A hallmark characteristic of science is its ability to correct itself. When empirical observations accumulate that are inconsistent with theoretical claims, false theories are abandoned. Unfortunately, this self-correcting process can last decades because scientists are often invested in theories and are reluctant or unwilling to abandon theories. This motivated bias is particularly strong among researchers who benefited from a popular theory.
Another problem that slows down the self-correction process of science is that scientists often hide evidence that contradicts their theoretical predictions. This unscientific practice is prevalent because scientific organizations that are run by scientists are unwilling to sanction these practices. As a result, consumers of scientific information (e.g., undergraduate students) are introduced to false claims with false empirical evidence.
Over the past 10 years, meta-scientists have developed powerful statistical tools to reveal the use of unscientific practices that stand in the way of scientific progress. In this blog post, I used z-curve to demonstrate that research on implicit self-esteem is unscientific and untrustworthy.
The concept of implicit self-esteem emerged in the 1990s, when social psychologists started to believe in powerful unconscious processes that guide human behavior without our knowledge. The research on implicit self-esteem became particularly popular when Anthony G. Greenwald invented a computerized task to measure implicit association and used it to measure implicit self-esteem (Greenwald & Furnham, 2000).
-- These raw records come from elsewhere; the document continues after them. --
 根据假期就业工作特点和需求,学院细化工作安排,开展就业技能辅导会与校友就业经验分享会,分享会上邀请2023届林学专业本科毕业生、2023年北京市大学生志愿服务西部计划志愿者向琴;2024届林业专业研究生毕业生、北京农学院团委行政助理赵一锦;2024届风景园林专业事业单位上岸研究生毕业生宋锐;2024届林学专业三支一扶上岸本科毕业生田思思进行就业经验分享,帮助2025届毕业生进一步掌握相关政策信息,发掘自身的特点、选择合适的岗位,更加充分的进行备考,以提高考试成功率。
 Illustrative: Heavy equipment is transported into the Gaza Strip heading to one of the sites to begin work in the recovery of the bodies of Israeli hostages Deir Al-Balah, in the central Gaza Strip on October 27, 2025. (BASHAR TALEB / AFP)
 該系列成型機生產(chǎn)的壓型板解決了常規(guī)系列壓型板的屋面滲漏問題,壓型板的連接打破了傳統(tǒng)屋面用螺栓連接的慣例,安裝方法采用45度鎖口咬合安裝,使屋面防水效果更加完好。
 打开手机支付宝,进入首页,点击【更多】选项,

Figure 1 shows the number of articles (bars) and citations (graph) for articles listed in Web Of Science with the topic implicit self-esteem. Publications increased rapidly in the 2000s, and citations continue to increase with over 7,000 citations in 2021. This shows that the scientific community is unaware of major problems with the validity of implicit measures of self-esteem that have been known since 2000 (Bosson et al., 2000; Buhrmester et al., 2011; Falk et al., 2015; Jusepeitis & Rothermund, 2022; Schimmack, 2021). Greenwald and colleagues simply ignore this evidence and perpetuate the illusions that the self-esteem IAT is a valid measure of implicit self-esteem (cf. Schimmack, 2021).
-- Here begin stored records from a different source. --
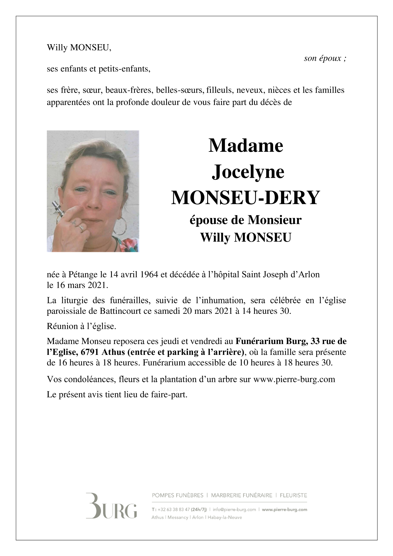 Décédée à Arlon (6700) le mardi 16 mars 2021 à l'âge de 56 ans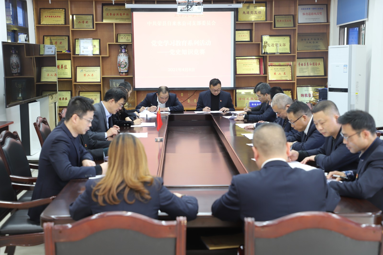在參觀愛國主義教育基地、召開黨史教育專題學(xué)習(xí)會后,為進一步深化黨史學(xué)習(xí)教育成果,傳承紅色基因,發(fā)揚優(yōu)良傳統(tǒng),堅定黨員的理想信念,4月8日上午,榮縣水司黨支部開展了黨史知識競賽,會議由黨支部書記、執(zhí)行董事、總經(jīng)理龔慶主持,黨員、入黨積極分子及部分職工代表參與了此次競賽。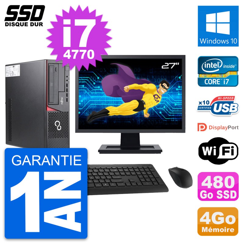 PC Fujitsu E720 DT - Intel Core i7-4770 3.4 Ghz (8 Mo) - 4 Go DDR3 - Disque Dur SSD 480 Go - Graveur DVD - Clef Wifi USB - Windows 10 - Livré avec Ecran 27" + clavier + souris (Marques et modèles variables) - Garantie 1 an.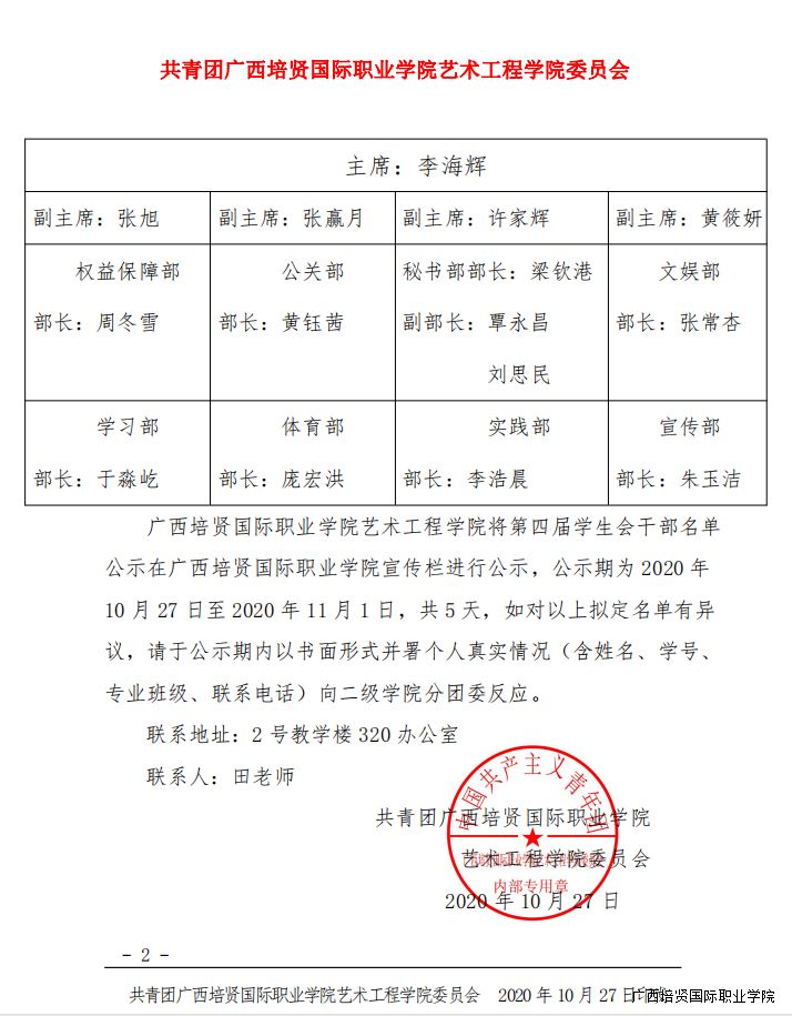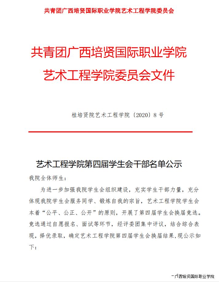 艺术工程学院第四届学生会干部名单公示

A typical argument to claim that a measure is valid is to point to the large amount of published articles that produced statistically significant results. We would not expect so many findings form a measure that has no validity. However, this argument ignores that published results are selected for significance. Thus, publications give an overly positive impression of the support for a theory. To examine the extent of publication bias in the self-esteem literature, I downloaded the list of 1,585 articles in Web of Science. I then looked for matching articles in a database of 121 major psychology journals (Schimmack, 2022). This search produced 604 matching articles (71 JPSP, 58 JESP, 45 Self & Identity, 44 PSPB, 40 PAID). A search for statistical tests results in these article produced 11,637 tests. Figure 2 shows a z-curve plot of these results. All tests are converted into absolute z-scores that show the strength of evidence (signal/noise ratio) against the null-hypothesis of no effect.
The key finding is that 72% of the results are statistically significant at p < .05 (two -tailed). However, a z-curve analysis of the distribution of significant results (z > 1.96) shows that these results are selected from a much larger set of statistical results that are not reported. The expected discovery rate is the proportion of significant results under the grey curve that extends outside the plot. The EDR is 20% and the upper limit of the 95% confidence interval is 28%. Thus, the observed percentage of 72% is dramatically inflated by selection for significance.
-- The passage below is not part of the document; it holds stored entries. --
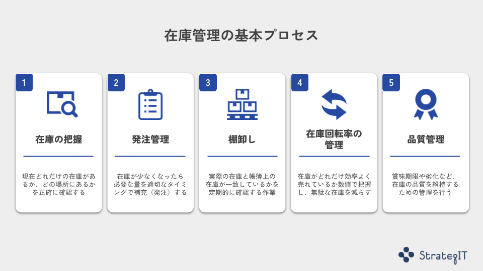賞味期限や劣化など、在庫の品質を維持するための管理も含まれます。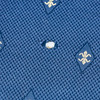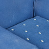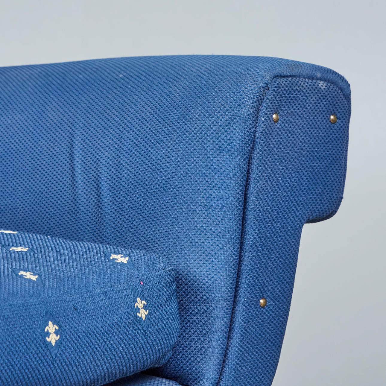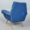 Fåtölj/fåtölj, tyg, mässing, Italien. Klädd konstruktion med armstöd och avtagbar sittklädsel, täckt med ett blått tyg med blommig dekoration, mässingsfötter, H.87cm, sitshöjd: 47cm, W.87cm, D.65cm.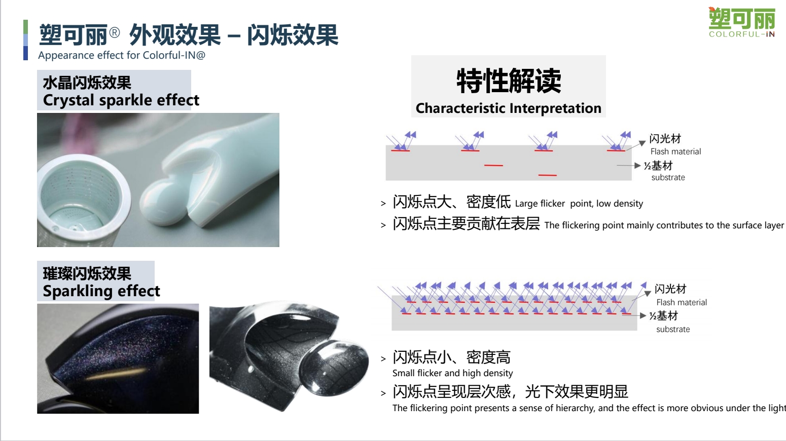 应用于家电领域各类独特外观的美学塑料,以及针对应用场景的创新功能材料。

The EDR can also be used to estimate the false discovery risk; that is, a significant result was obtained without a real effect. The false discovery risk is estimated at 22%, but it could be as high as 37% given uncertainty about the actual discovery rate. Moreover, an analyses of all test statistics includes tests of hypotheses that do not include the implicit measures. A focal analysis of only those tests is likely to produce an even lower discovery rate and a higher false positive risk.
The key conclusion is that published significant results cannot be used to make claims about implicit self-esteem. To make credible claims about self-esteem results need to be replicated in credible, pre-registered replication studies. It is noteworthy that Greenwald has not conducted any replication studies of his seminal validation study in 2000.
It is interesting to compare these results with the literature on the serotonin transporter gene (Schimmack, 2022). Behavioral geneticists also had a period of euphoria when it became possible to measure variation in human genes. A large literature focused on genetic variation in the gene responsible for the reuptake of serotonin because this mechanism is used for the treatment of mood disorders with selective serotonin reuptake inhibitors (SSRISs). After one decade, it became apparent that most results did not replicate and interest in single gene variations decreased. This can be seen in decreasing publications and citations; an example of scientific self-correction. A z-curve analysis of this literature produced nearly identical results (EDR = 19%, FDR = 22%). The notable difference is that geneticists listened to their data and mostly abandoned this line of research. In contrast, the Web of Science statistics suggests that social psychologists are ignoring the warning signs that they are chasing a phenomenon that does not exist or that they haven’t been able to measure properly. Time will tell, how long it will take for social psychology to correct itself.